→ **Your goal**:
For this exercise, transcribe every line of the material exactly and skip the pictures.

→ **Data for analysis**:

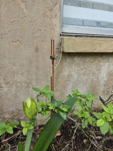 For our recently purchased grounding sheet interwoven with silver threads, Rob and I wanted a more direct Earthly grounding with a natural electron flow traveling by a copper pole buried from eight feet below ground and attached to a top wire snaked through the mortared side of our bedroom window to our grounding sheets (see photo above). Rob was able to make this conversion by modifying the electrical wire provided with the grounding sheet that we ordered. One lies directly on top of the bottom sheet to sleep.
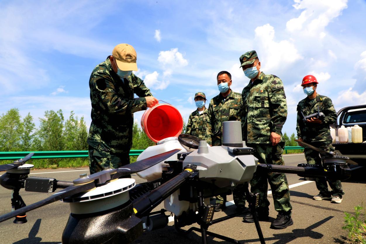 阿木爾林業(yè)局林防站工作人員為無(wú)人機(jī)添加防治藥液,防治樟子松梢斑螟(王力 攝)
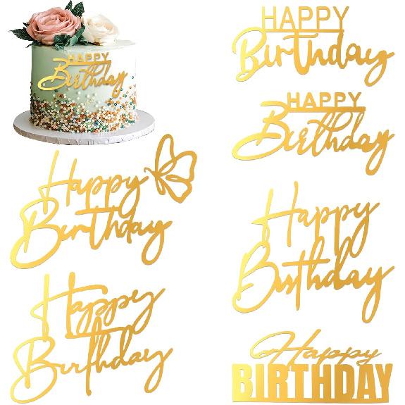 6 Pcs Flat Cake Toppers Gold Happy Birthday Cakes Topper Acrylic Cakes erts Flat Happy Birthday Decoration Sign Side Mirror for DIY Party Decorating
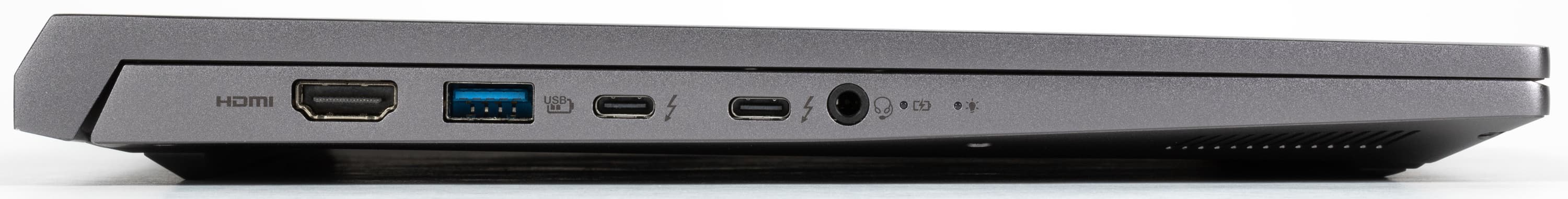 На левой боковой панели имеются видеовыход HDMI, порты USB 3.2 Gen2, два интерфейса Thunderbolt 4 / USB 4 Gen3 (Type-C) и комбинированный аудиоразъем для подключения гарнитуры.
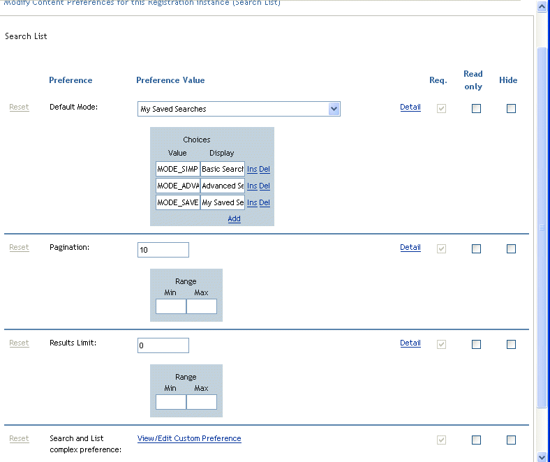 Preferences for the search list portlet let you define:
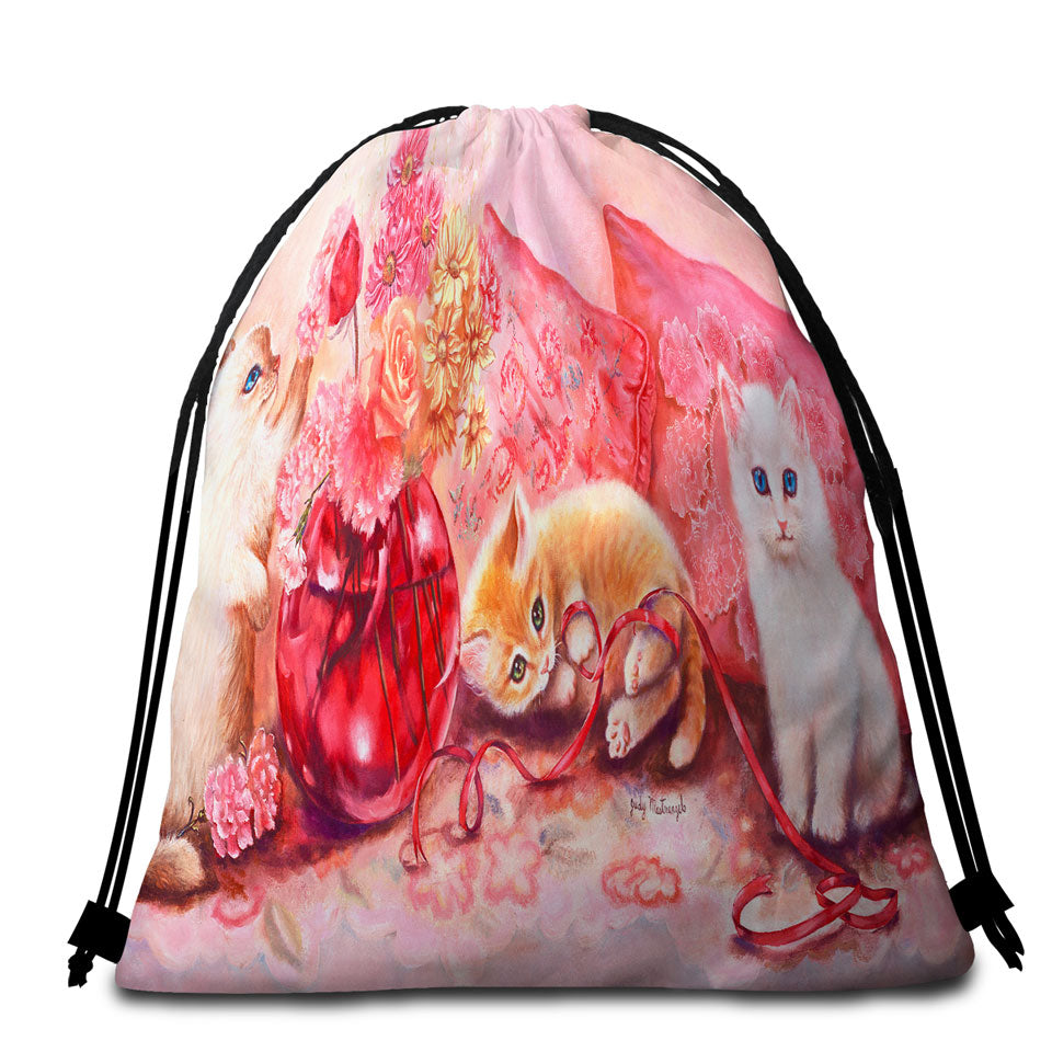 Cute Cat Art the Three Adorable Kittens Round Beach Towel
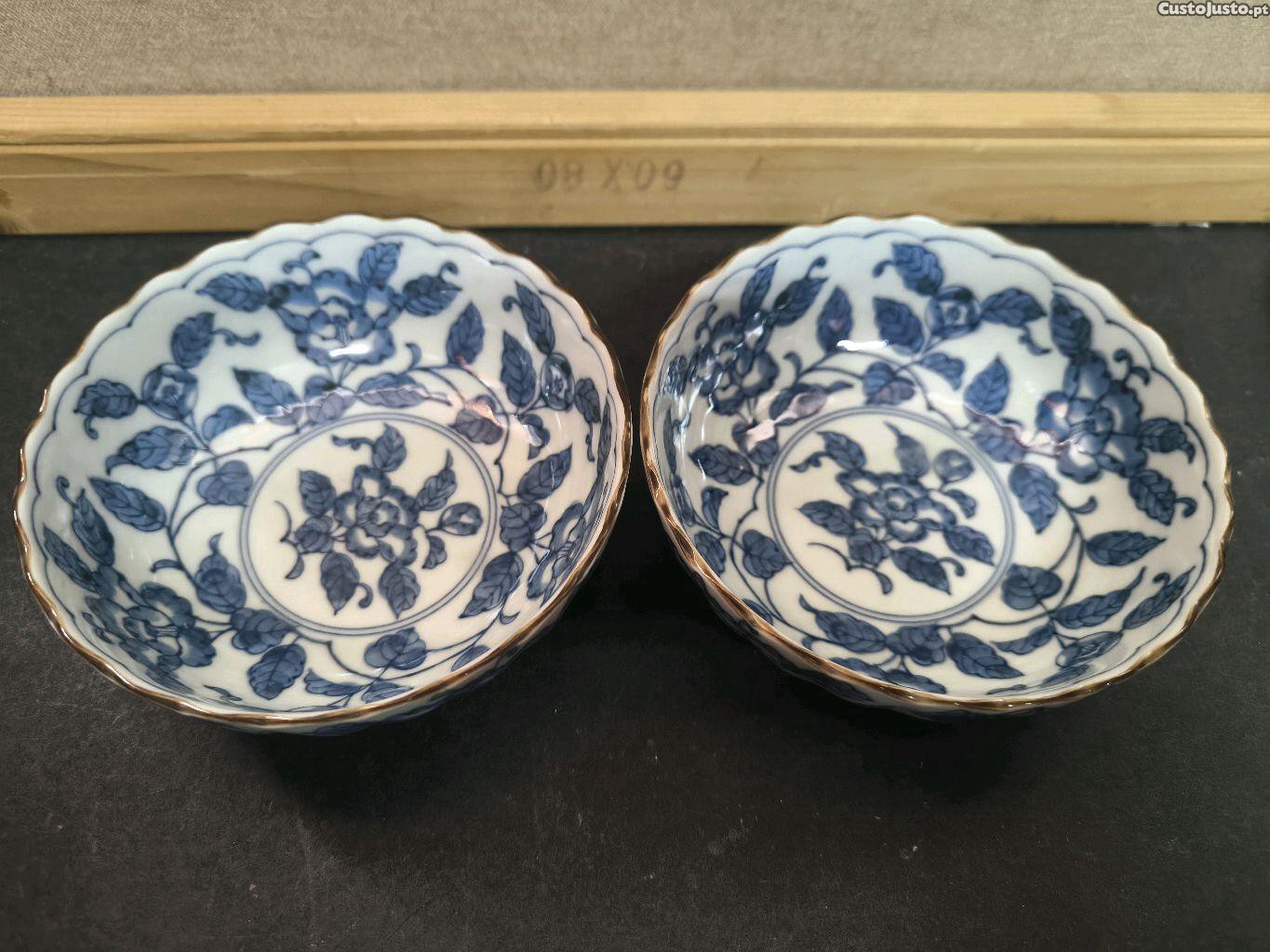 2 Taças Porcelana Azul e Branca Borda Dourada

→ **Response for this exercise**:
 For our recently purchased grounding sheet interwoven with silver threads, Rob and I wanted a more direct Earthly grounding with a natural electron flow traveling by a copper pole buried from eight feet below ground and attached to a top wire snaked through the mortared side of our bedroom window to our grounding sheets (see photo above). Rob was able to make this conversion by modifying the electrical wire provided with the grounding sheet that we ordered. One lies directly on top of the bottom sheet to sleep.
 阿木爾林業(yè)局林防站工作人員為無(wú)人機(jī)添加防治藥液,防治樟子松梢斑螟(王力 攝)
 6 Pcs Flat Cake Toppers Gold Happy Birthday Cakes Topper Acrylic Cakes erts Flat Happy Birthday Decoration Sign Side Mirror for DIY Party Decorating
 На левой боковой панели имеются видеовыход HDMI, порты USB 3.2 Gen2, два интерфейса Thunderbolt 4 / USB 4 Gen3 (Type-C) и комбинированный аудиоразъем для подключения гарнитуры.
 Preferences for the search list portlet let you define:
 Cute Cat Art the Three Adorable Kittens Round Beach Towel
 2 Taças Porcelana Azul e Branca Borda Dourada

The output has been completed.